Building kurast.trade Part 1: Real-Time Marketplace Patterns with Convex

Patterns for building real-time marketplaces with Convex that go beyond the docs: trade state machines, hash-based change detection, race condition mitigation, and strategic denormalization.

By Oleg Kuibar |

Building kurast.trade Part 1: Real-Time Marketplace Patterns with Convex

I wanted to learn Convex properly. Not another todo app. Something with real complexity: concurrent users, state machines, data sync.

Around the same time, I was frustrated with Diablo 4 trading. The existing marketplace had UX issues that made trading painful. (Credit to diablo.trade for their work though. They’ve since shipped a much better UI.)
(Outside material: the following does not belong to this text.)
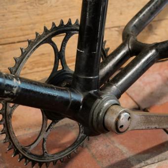 Linien weiß, Rahmenhöhe 56 cm, Einbaumaß 114 mm, mit Glocken-Lager, Kettenblatt 46 Zähne, Rahmennummer 1762XXX,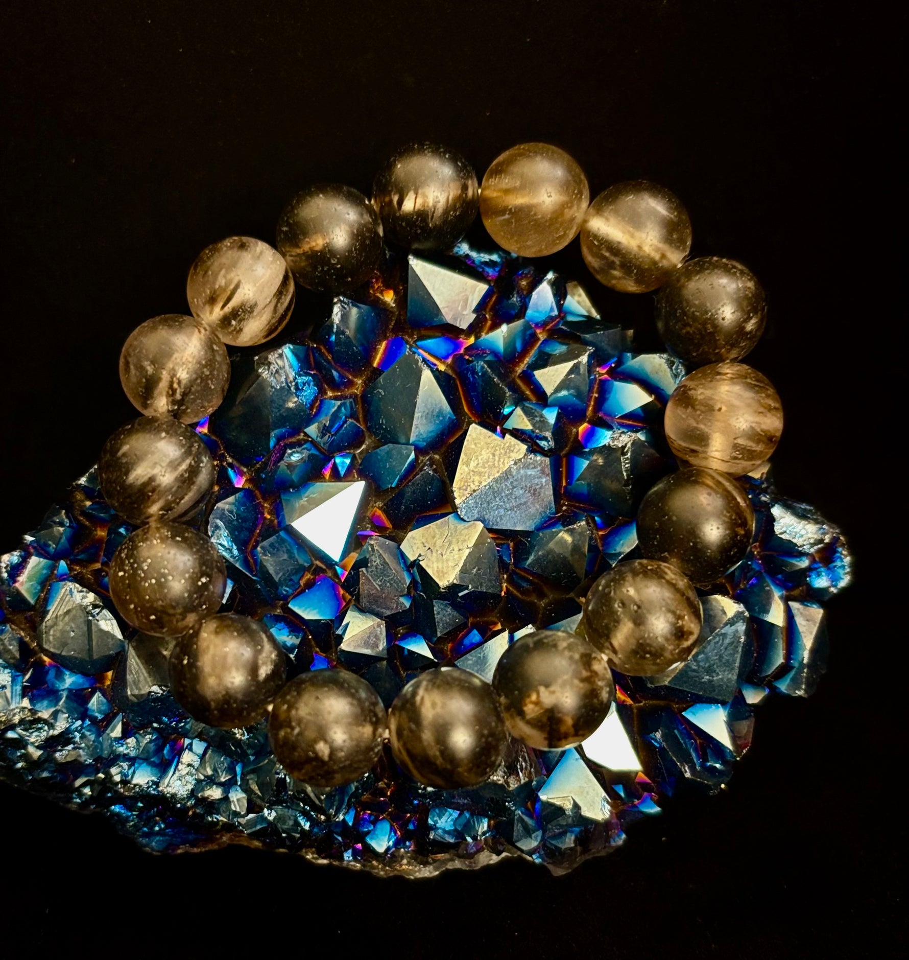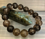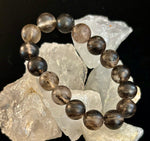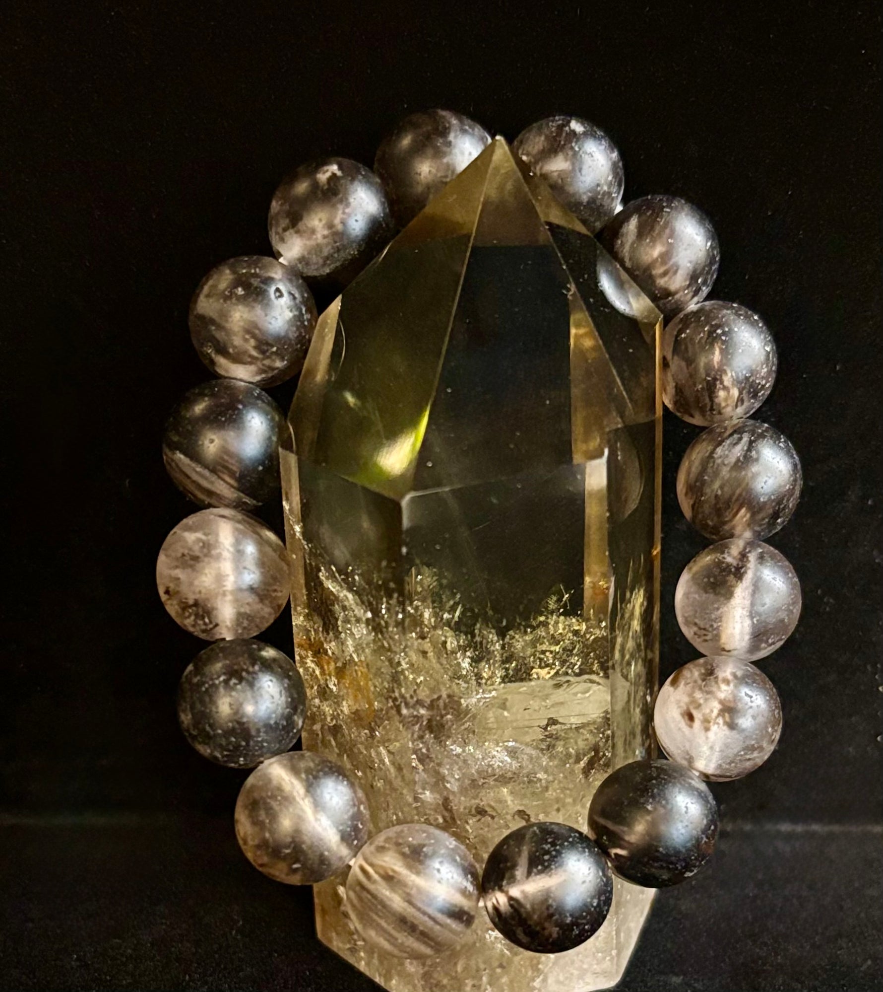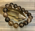 Command attention and protect your energy with our Watermelon Black Matte Stretch Bracelet, featuring large, 12mm natural stone beads in smoky swirls of black, grey, and subtle pink undertones. This bracelet delivers both bold visual impact and powerful metaphysical grounding.

So I built kurast.trade as a learning project.

The Convex docs taught me reactive queries. Optimistic updates. All the good stuff. Shipping an actual marketplace? That taught me when not to use them.

Trade State Machine

A marketplace lives or dies by one rule: “completed” trades can’t flip back to “negotiating.” When real money changes hands (or valuable virtual items), invalid state transitions are how you get scammed.

Without validation, a bad actor marks a trade complete, receives items, then reverts to negotiating. Or cancels after you’ve handed over the goods. Or exploits timing between state changes.

The fix is boring. Define valid transitions explicitly:

const VALID_TRADE_TRANSITIONS: Record<TradeStatus, TradeStatus[]> = {
  'negotiating': ['agreed', 'cancelled'],
  'agreed': ['completed', 'cancelled'],
  'completed': [], // Terminal state
  'cancelled': []  // Terminal state
}

function validateTradeTransition(
  currentStatus: TradeStatus,
  targetStatus: TradeStatus
): void {
  const validTargets = VALID_TRADE_TRANSITIONS[currentStatus]
  if (!validTargets.includes(targetStatus)) {
    throw new Error(
      `Invalid trade state transition: cannot go from '${currentStatus}' to '${targetStatus}'`
    )
  }
}

Those empty arrays for completed and cancelled? Not defensive coding. That’s the whole fraud prevention mechanism. Once a trade hits a terminal state: no modifications, immutable audit trail, clear resolution for disputes.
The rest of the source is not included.